(Your task) Using the records below, write out only the lines from the line containing "R7.6.5 1歳児(ひかり)・2歳児(そよかぜ) 毎日、交流を楽しんでいます" up to and including the line containing "Sunup P1810SIM Shimashima", exactly, with no pictures.

(Material supplied)
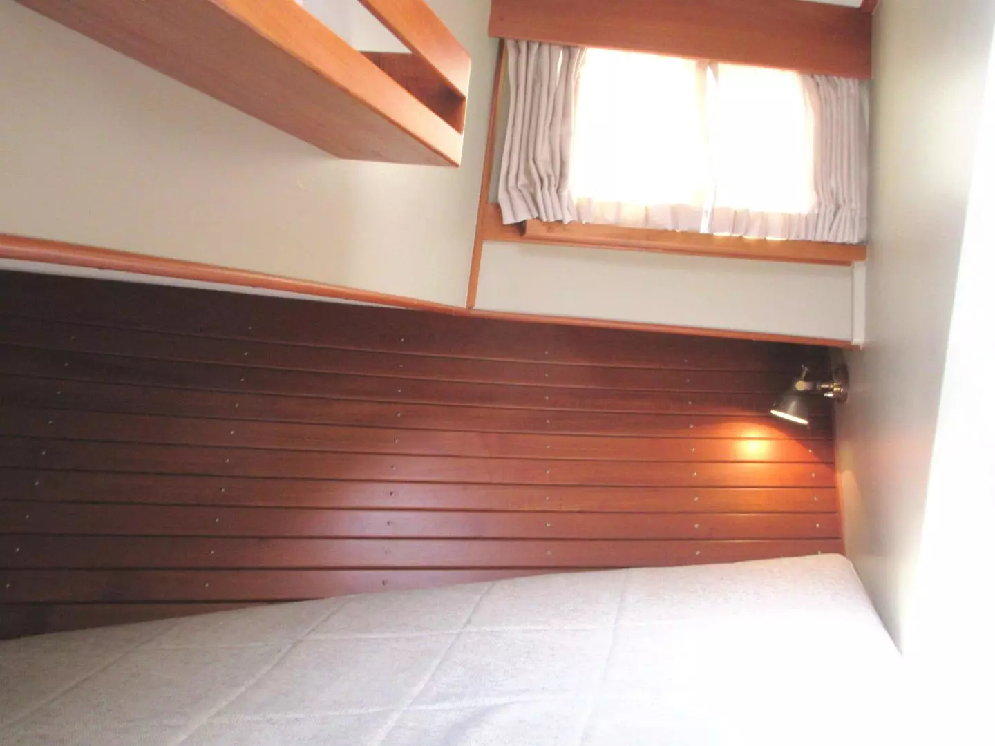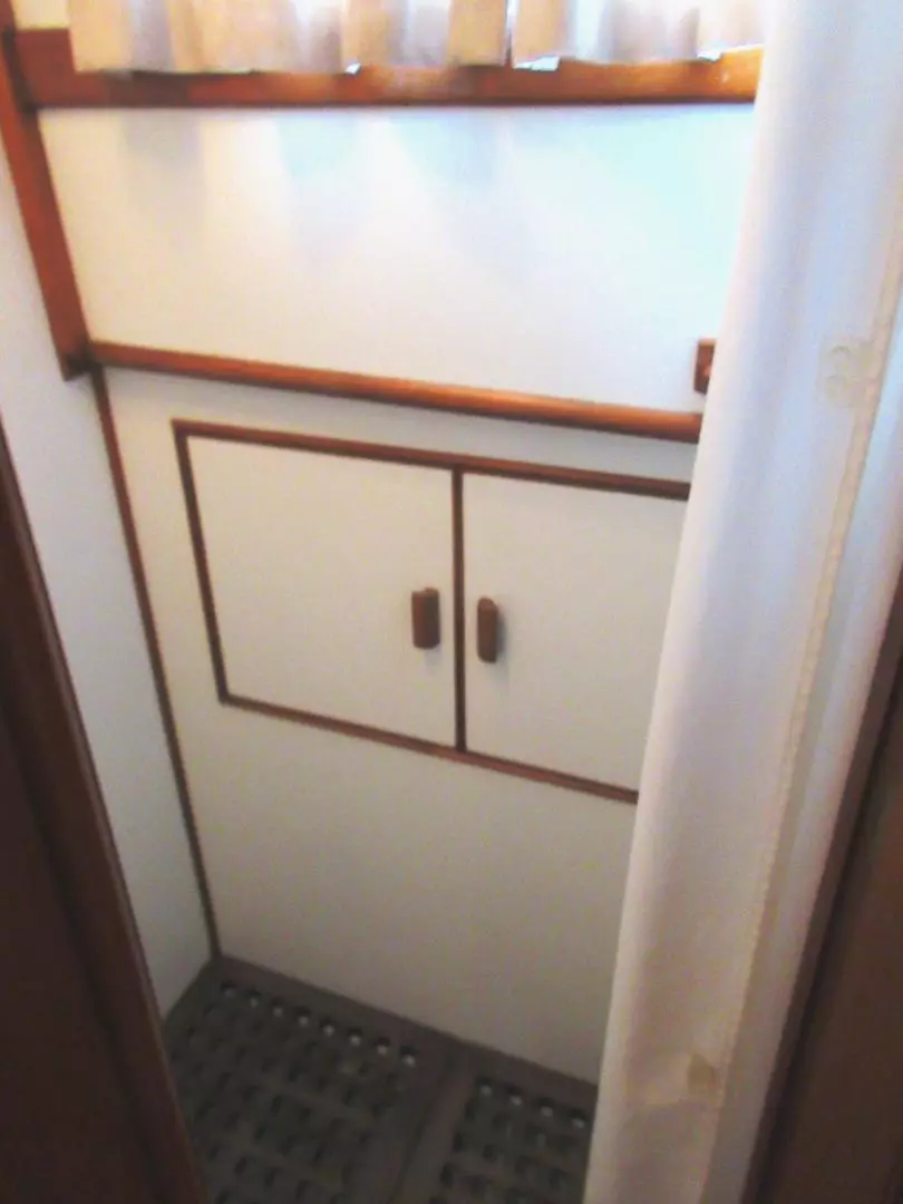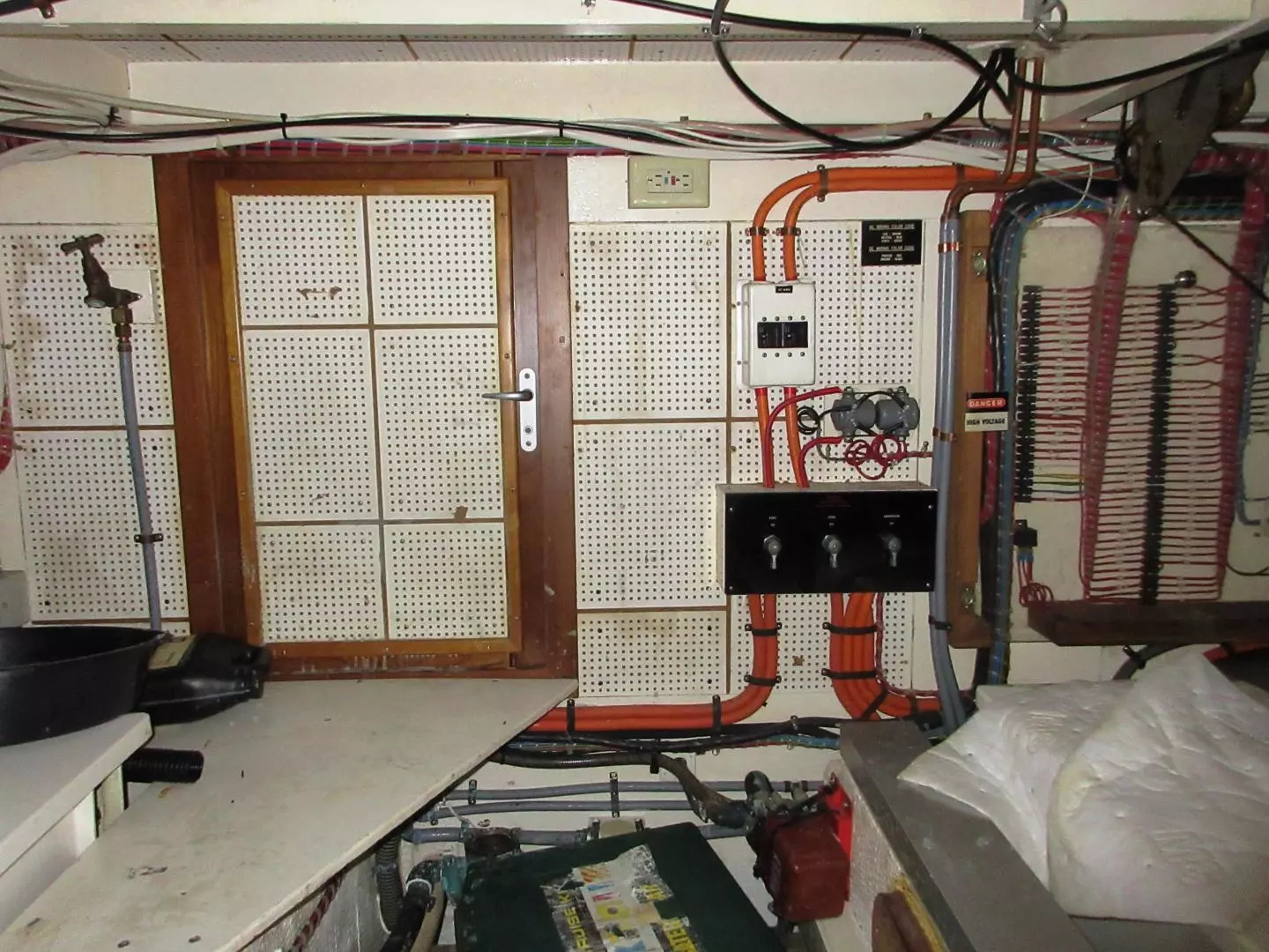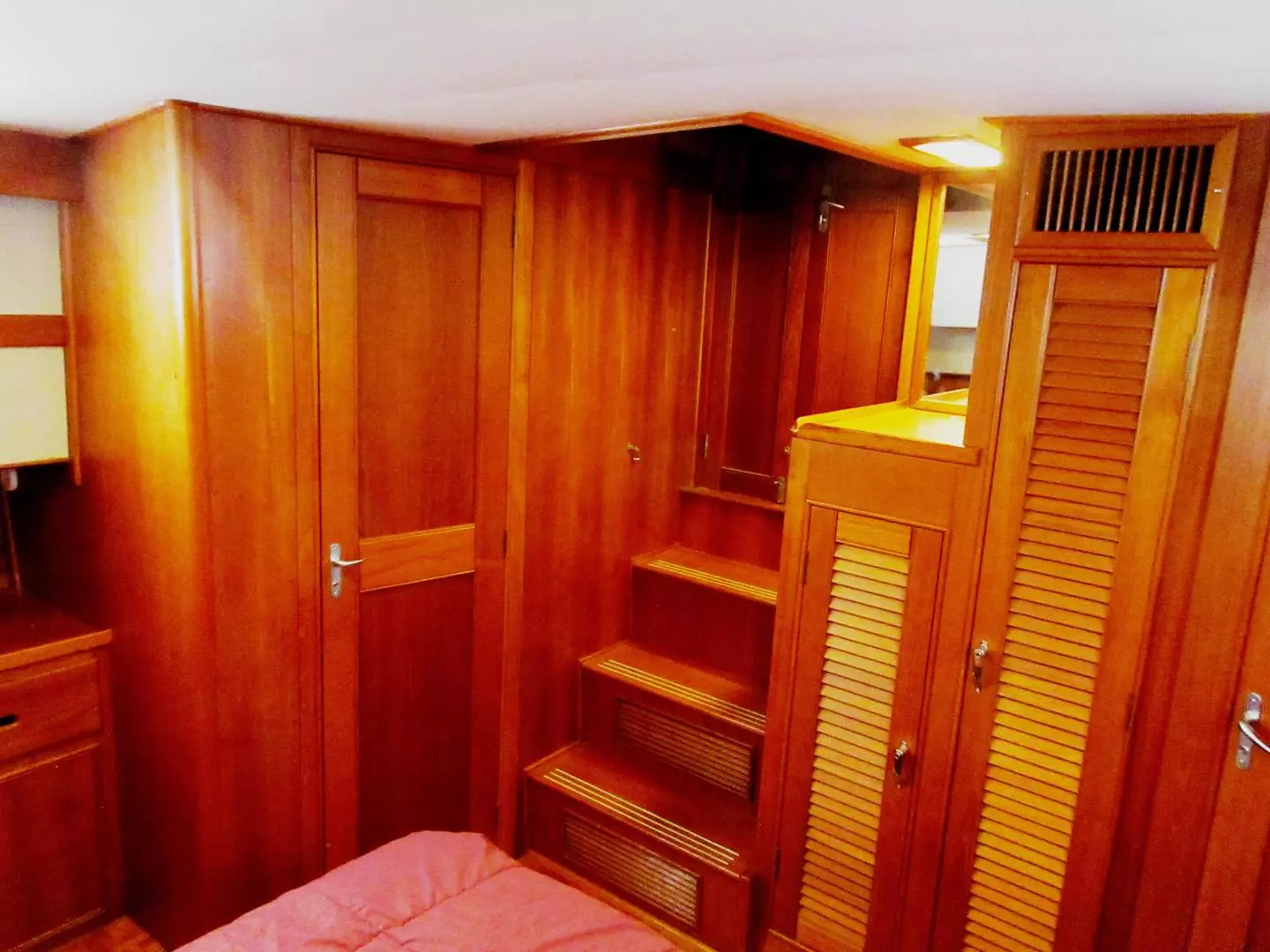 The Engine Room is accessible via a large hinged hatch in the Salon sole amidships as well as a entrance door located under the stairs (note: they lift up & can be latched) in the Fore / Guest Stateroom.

...

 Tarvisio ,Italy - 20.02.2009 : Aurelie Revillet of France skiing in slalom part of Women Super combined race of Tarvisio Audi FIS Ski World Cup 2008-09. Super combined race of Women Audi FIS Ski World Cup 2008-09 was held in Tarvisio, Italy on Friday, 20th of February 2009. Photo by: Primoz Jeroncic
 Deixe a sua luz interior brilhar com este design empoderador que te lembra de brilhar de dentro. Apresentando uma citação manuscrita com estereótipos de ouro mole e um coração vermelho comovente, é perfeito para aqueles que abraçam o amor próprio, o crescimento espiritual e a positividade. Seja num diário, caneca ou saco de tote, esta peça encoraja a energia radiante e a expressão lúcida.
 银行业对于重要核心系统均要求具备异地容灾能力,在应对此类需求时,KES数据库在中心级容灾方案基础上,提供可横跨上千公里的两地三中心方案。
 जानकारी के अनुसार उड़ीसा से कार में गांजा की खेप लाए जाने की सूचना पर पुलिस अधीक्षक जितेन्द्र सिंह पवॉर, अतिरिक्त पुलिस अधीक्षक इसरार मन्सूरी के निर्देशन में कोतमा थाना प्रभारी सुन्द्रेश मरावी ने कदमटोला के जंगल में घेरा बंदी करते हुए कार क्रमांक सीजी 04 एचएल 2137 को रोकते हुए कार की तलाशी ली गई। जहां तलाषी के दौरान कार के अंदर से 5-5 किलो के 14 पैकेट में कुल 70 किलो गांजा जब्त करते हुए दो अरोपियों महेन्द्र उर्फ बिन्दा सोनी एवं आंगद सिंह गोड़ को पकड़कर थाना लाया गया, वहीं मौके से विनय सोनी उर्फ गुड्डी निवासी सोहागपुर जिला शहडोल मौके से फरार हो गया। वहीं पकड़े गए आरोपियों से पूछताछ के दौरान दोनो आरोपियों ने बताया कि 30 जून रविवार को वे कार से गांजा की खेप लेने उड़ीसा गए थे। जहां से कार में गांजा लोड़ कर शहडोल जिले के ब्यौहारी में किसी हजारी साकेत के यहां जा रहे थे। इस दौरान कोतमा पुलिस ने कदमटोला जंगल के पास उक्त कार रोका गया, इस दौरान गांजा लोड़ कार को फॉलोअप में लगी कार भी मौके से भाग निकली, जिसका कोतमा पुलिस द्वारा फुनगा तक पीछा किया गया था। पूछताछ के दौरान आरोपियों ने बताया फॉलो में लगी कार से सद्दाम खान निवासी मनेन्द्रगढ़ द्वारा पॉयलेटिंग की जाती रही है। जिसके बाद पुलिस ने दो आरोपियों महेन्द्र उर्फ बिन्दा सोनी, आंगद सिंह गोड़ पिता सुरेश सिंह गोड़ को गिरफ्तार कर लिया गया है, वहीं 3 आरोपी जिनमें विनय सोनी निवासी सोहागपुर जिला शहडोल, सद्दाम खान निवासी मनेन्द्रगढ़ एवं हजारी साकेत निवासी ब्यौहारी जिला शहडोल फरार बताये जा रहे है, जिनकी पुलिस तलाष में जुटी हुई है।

---

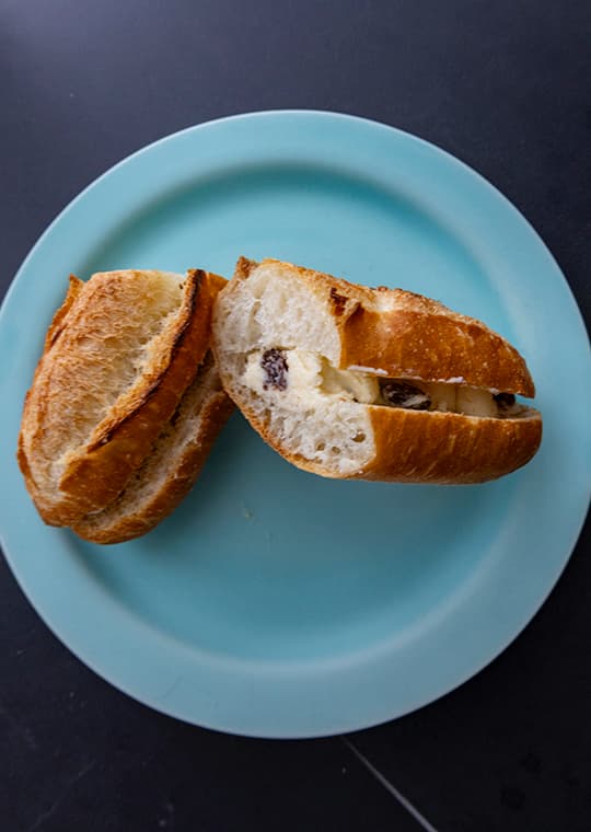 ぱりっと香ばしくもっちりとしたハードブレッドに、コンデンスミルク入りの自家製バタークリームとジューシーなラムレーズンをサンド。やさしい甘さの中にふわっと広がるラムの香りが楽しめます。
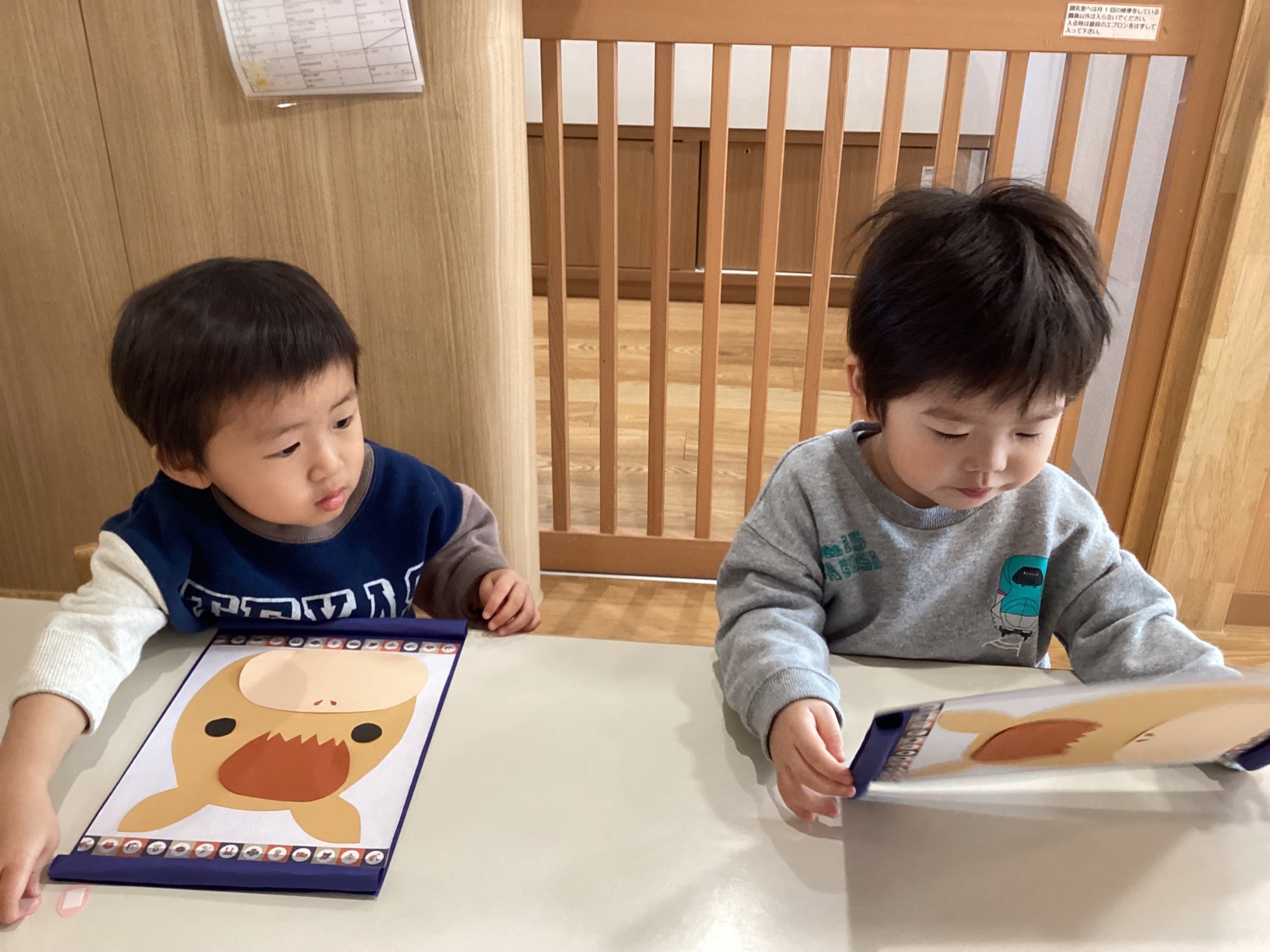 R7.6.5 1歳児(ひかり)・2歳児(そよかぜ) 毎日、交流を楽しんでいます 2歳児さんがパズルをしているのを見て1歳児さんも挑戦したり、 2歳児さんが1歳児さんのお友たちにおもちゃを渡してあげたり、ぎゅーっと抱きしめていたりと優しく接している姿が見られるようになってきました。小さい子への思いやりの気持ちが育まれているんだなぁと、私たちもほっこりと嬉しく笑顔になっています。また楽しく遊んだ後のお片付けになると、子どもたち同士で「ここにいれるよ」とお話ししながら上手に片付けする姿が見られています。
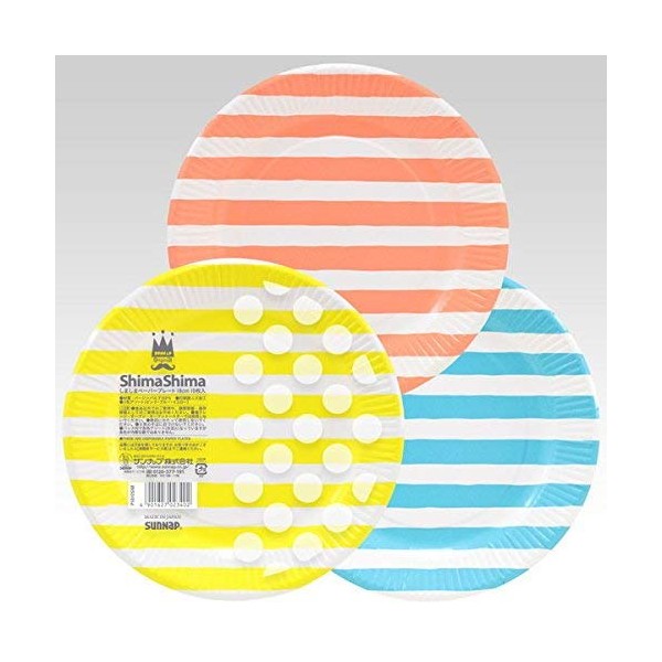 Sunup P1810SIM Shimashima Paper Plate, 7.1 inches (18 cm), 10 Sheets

(Answer)
 R7.6.5 1歳児(ひかり)・2歳児(そよかぜ) 毎日、交流を楽しんでいます 2歳児さんがパズルをしているのを見て1歳児さんも挑戦したり、 2歳児さんが1歳児さんのお友たちにおもちゃを渡してあげたり、ぎゅーっと抱きしめていたりと優しく接している姿が見られるようになってきました。小さい子への思いやりの気持ちが育まれているんだなぁと、私たちもほっこりと嬉しく笑顔になっています。また楽しく遊んだ後のお片付けになると、子どもたち同士で「ここにいれるよ」とお話ししながら上手に片付けする姿が見られています。
 Sunup P1810SIM Shimashima Paper Plate, 7.1 inches (18 cm), 10 Sheets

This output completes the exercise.